I have always doubted myself and always have moments where I think I can't possibly do something then go ahead and do it and surprise myself. However, this is different. I am a single mum to a 9 year old and have just started a masters degree in social work after getting my honours degree in politics society and policy.
I have been at uni for the past five years and my goal has always been to become a social worker. We had our induction this week though and it is all so overwhelming to the point I really don't know how I will manage.
I sat down yesterday and did my own personalised timetable and I'm literally going to have to be doing uni work 7 days a week just to keep up with the lectures, the tutorials, and the readings. This doesn't even include the assessments or placements which start next term.
On top of that I have work three nights a week (6 - 10) and every Saturday morning as well as having two dogs, a daughter (her after school activities) and a home to run. At interview they said how intense it would be but I honestly wasn't prepared. I feel like I'm going to be in a constant state of stress for the next two and a half years and literally have no life. What if there's a day I just need to relax? I literally can't.
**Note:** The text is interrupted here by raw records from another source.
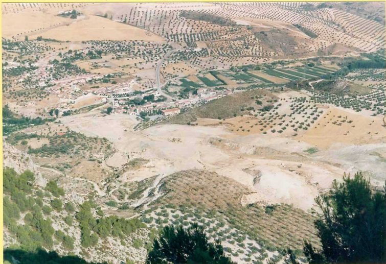
9208 Vista general del deslizamiento de Olivares desde el límite meridional de la Hoja en las cercanías de Moclín.
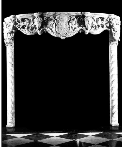
Kamin s grbom Contarini

i arhitravom nosio zid nad sobom bez lunete i atike. Čipikov bi portal stoga imao dvije faze. Sagrađen, 1457. godine od lokalnih majstora bliskih krugu Andrije Alešija, te dograđen 1470. godine Firentinčevom atikom na kojoj štiti grba drže lavovi, a iz okulusa proviruju anđeli s kartušama u rukama na kojima je ispisan latinski prevod teksta koji je prema predaji krasio pročelje Apolonova hrama - NOSCE TE IPSUM. Firentinac se trudio uklopiti svoj dodatak portalu preciznim umetanjem tankog profiliranog okvira oko cijele kompozicije, prateći istom vrpcom stare i nove djelove portala. Radi se dakle o dvije Koriolanove obnove
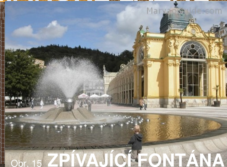
Obr. 15 ZPÍVAJÍCÍ FONTÁNA
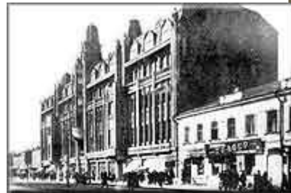
Гостиница Астория (сейчас – гостиница Волга)
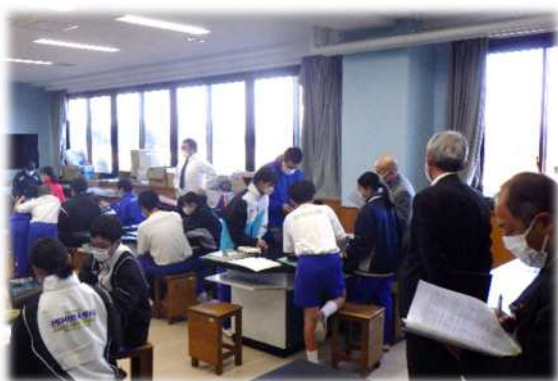
石橋中学校での授業参観
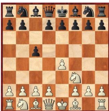
Lance 2. Brancas
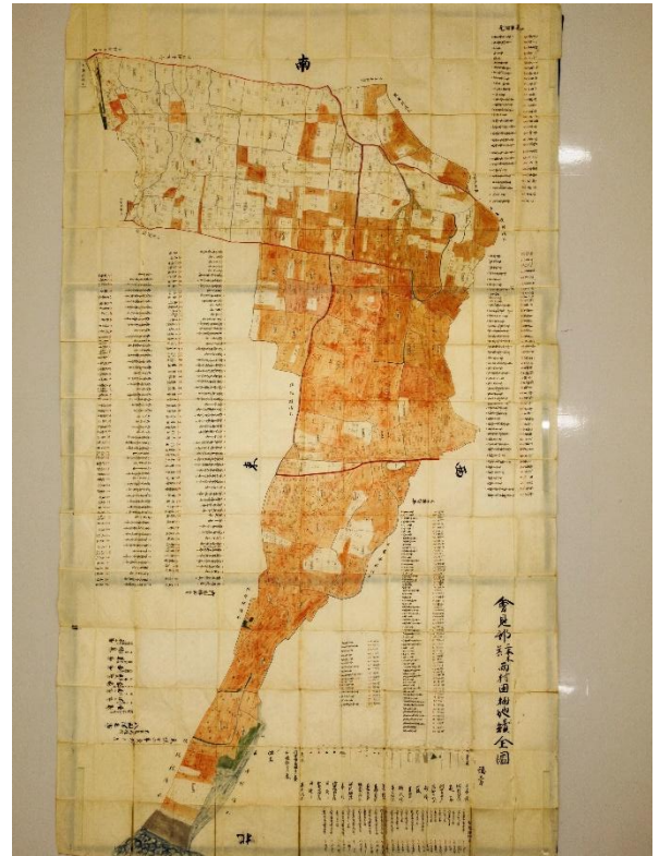
会見郡二本木・箕村田畑地続全図
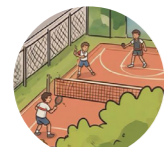
Sport meydanı спортивная площадка
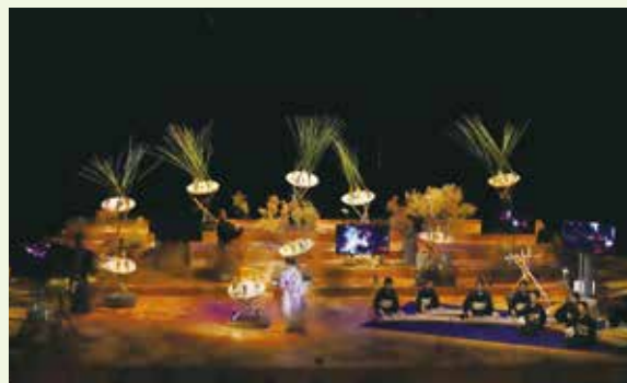
2018.8.5 サマーアーツ・ジャパン2018
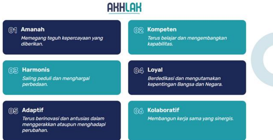
Gambar 3. Core Value ASN BerAKHLAK

Pada tanggal 27 Juli 2021, Presiden Joko Widodo resmi meluncurkan core value Aparatur Sipil Negara (ASN) yaitu BerAKHLAK. Nilai-nilai inti BEAKHLAK berada di balik perbedaan penjabaran nilai-nilai inti, serta Kode Etik dan Kode Etik ASN, sebagaimana tertuang dalam Undang-Undang Alat Perdata Negara No. 5/2014. Oleh karena itu, Kemenpan RB telah menetapkan nilai inti baru untuk menciptakan persepsi yang sama dengan nilai inti ASN. Nilai inti moralitas juga merupakan peleburan dan penyempitan nilai-nilai ASN yang ada di berbagai instansi pemerintah.

Do I think it's worth it? Yes I think so, it's always something I've wanted to do and I feel excited and hopeful when I think of my future as a social worker but I don't know if it's physically going to be impossible juggling too many balls.
I'd love to stop my Saturday job but I need money as of course postgrads are expensive and there is no funding in Scotland for social work.
Do you think I should quit before I start? Is it doable? Will life just be shit for the next two years? I'm really interested in the subject if that makes a difference.